The required answer is an exact copy of the records below, without pictures.

++++++++

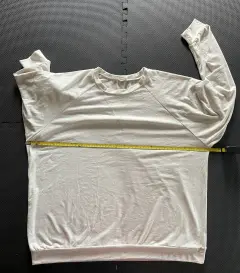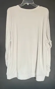 Zenana blusa blanca de cuello redondo y manga larga, textura súper agradable, larga. Ideal para un look casual en días frescos.Talla: 1XColor: blancoMaterial: 57% poliéster, 38% rayón y 5% spandex.Cuidado: lavar en máquina Medidas: ancho de sisa a sisa: 68 cm, largo desde hombro hasta abajo: 71 cm
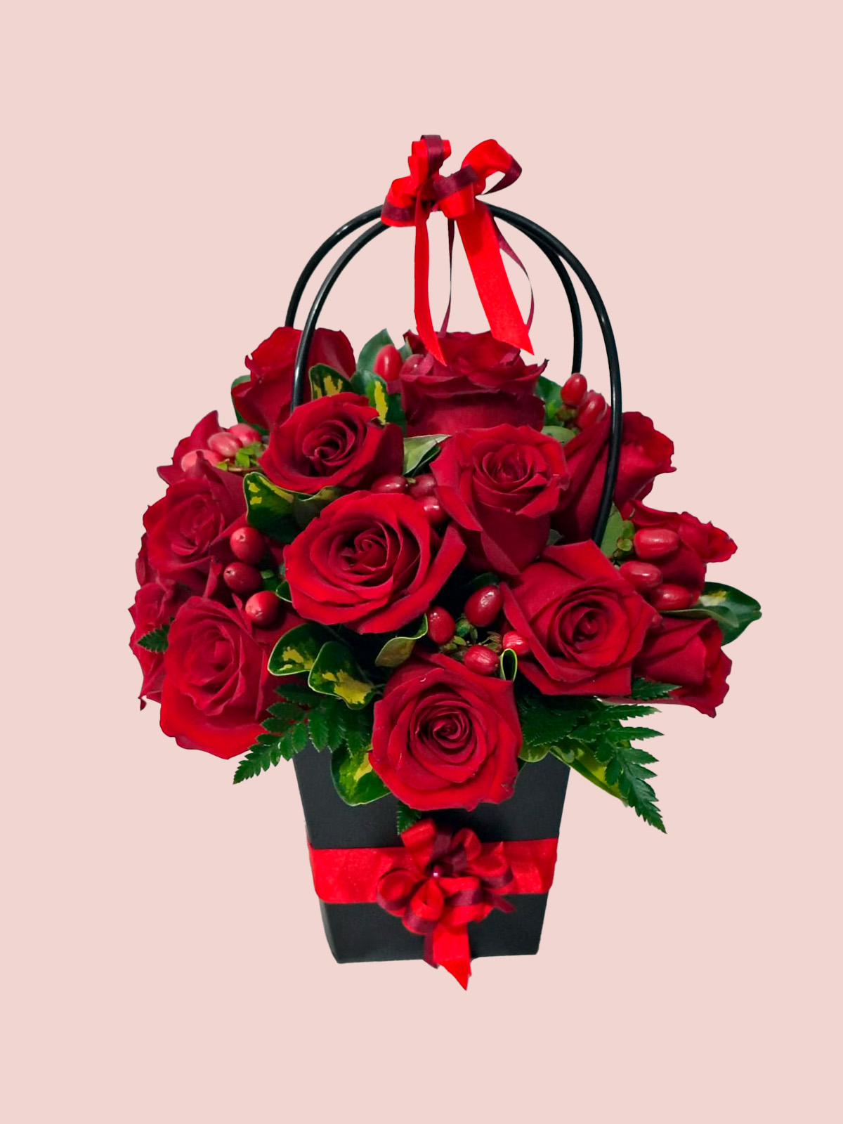 La elegancia clásica se encuentra con el diseño moderno en nuestro modelo. Una cartera caja negra que resalta el rojo intenso de nuestras rosas seleccionadas, complementadas con follaje verde y bayas decorativas que aportan textura y frescura. Su diseño con asa lo convierte en un detalle práctico y distinguido, ideal para sorprender en cualquier lugar.
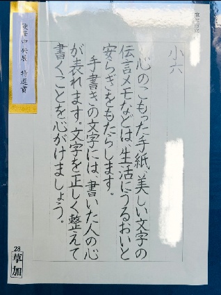 はじめての書き初めである3年生から学校代表がたくさん出たこと、2年連続で4年生2名が県展へ出品されたことは大変素晴らしいです!
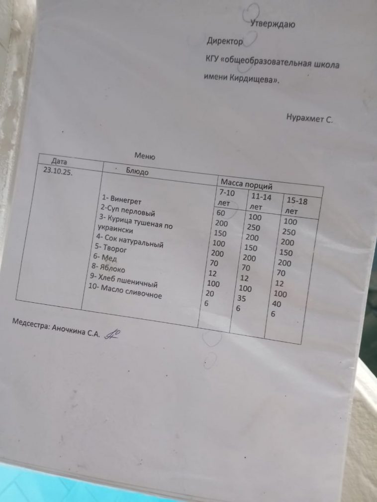 Ас мәзірі 23.10.2025
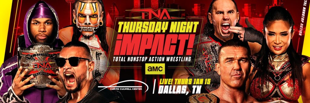 TNA Wrestling ha confirmado grandes combates para la cartelera del episodio del 15 de enero de 2026 de TNA iMPACT, en vivo desde el Curtis Culwell Center, en Dallas, Texas. Este show marcará el episodio estreno de TNA en su nuevo hogar televisivo, AMC, así como en su plataforma AMC+, bajo el nombre “Thursday Night iMPACT!”.

++++++++

**Reply to the exercise:**
 Zenana blusa blanca de cuello redondo y manga larga, textura súper agradable, larga. Ideal para un look casual en días frescos.Talla: 1XColor: blancoMaterial: 57% poliéster, 38% rayón y 5% spandex.Cuidado: lavar en máquina Medidas: ancho de sisa a sisa: 68 cm, largo desde hombro hasta abajo: 71 cm
 La elegancia clásica se encuentra con el diseño moderno en nuestro modelo. Una cartera caja negra que resalta el rojo intenso de nuestras rosas seleccionadas, complementadas con follaje verde y bayas decorativas que aportan textura y frescura. Su diseño con asa lo convierte en un detalle práctico y distinguido, ideal para sorprender en cualquier lugar.
 はじめての書き初めである3年生から学校代表がたくさん出たこと、2年連続で4年生2名が県展へ出品されたことは大変素晴らしいです!
 Ас мәзірі 23.10.2025
 TNA Wrestling ha confirmado grandes combates para la cartelera del episodio del 15 de enero de 2026 de TNA iMPACT, en vivo desde el Curtis Culwell Center, en Dallas, Texas. Este show marcará el episodio estreno de TNA en su nuevo hogar televisivo, AMC, así como en su plataforma AMC+, bajo el nombre “Thursday Night iMPACT!”.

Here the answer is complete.